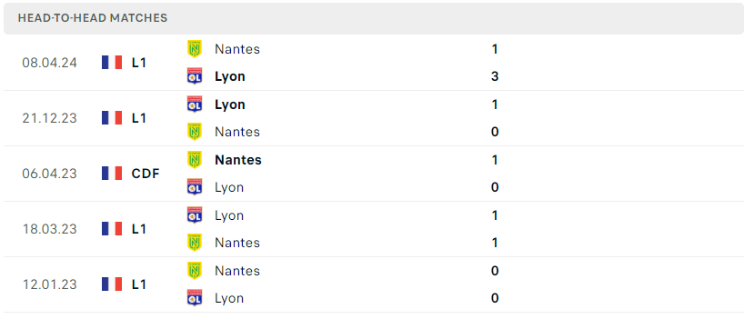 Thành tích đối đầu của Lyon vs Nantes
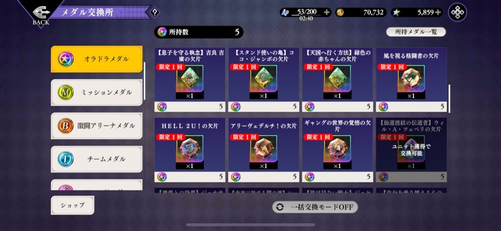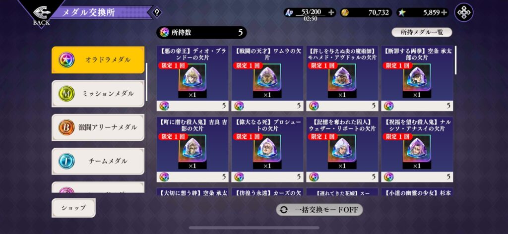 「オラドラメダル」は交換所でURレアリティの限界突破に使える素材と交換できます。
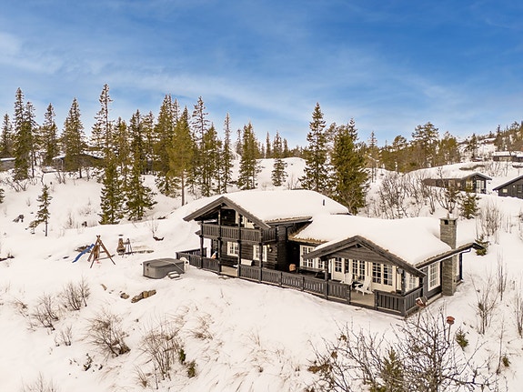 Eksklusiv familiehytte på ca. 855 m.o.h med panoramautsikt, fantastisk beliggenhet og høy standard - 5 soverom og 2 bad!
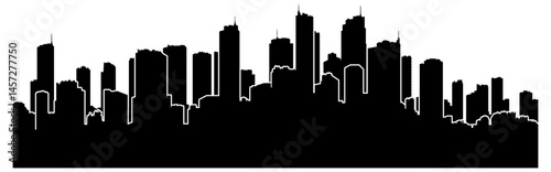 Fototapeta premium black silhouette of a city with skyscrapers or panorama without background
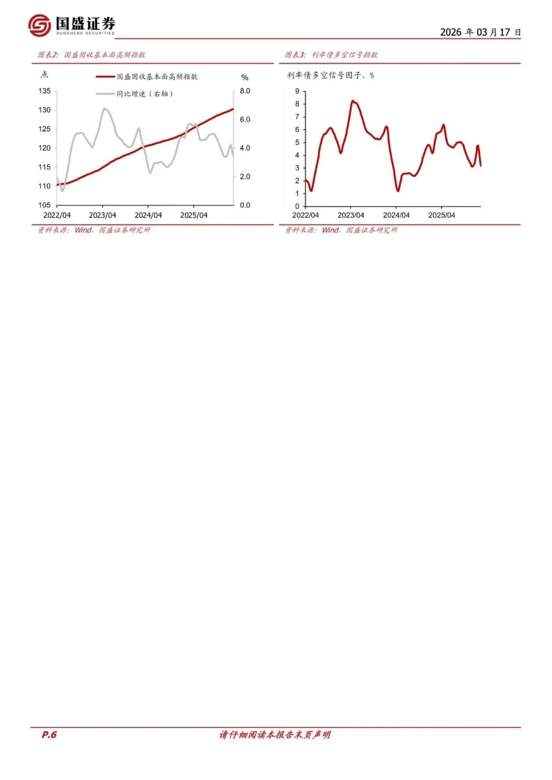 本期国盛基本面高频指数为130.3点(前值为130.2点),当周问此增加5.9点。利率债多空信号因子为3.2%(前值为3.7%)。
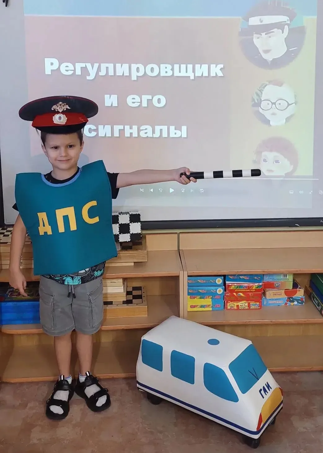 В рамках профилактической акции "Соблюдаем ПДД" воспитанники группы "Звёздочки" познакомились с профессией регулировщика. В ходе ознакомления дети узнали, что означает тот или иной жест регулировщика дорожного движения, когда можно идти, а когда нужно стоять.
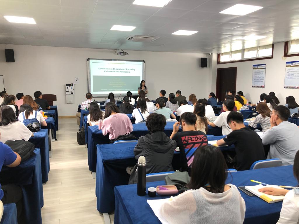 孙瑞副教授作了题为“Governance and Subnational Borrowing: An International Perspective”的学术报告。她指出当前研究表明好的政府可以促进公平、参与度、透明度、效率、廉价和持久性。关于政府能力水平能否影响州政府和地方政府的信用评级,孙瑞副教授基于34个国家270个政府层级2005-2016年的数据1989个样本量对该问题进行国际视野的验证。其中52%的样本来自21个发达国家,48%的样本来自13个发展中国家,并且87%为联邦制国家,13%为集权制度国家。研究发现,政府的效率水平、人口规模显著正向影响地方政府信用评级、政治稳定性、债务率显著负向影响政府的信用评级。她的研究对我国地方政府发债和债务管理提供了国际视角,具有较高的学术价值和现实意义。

• REQUIRED ACTION
Only the lines from the start of the records to the line with "В рамках профилактической" belong in the copy. Print them exactly, minus pictures.

• EXERCISE OUTPUT
 Thành tích đối đầu của Lyon vs Nantes
 「オラドラメダル」は交換所でURレアリティの限界突破に使える素材と交換できます。
 Eksklusiv familiehytte på ca. 855 m.o.h med panoramautsikt, fantastisk beliggenhet og høy standard - 5 soverom og 2 bad!
 Fototapeta premium black silhouette of a city with skyscrapers or panorama without background
 本期国盛基本面高频指数为130.3点(前值为130.2点),当周问此增加5.9点。利率债多空信号因子为3.2%(前值为3.7%)。
 В рамках профилактической акции "Соблюдаем ПДД" воспитанники группы "Звёздочки" познакомились с профессией регулировщика. В ходе ознакомления дети узнали, что означает тот или иной жест регулировщика дорожного движения, когда можно идти, а когда нужно стоять.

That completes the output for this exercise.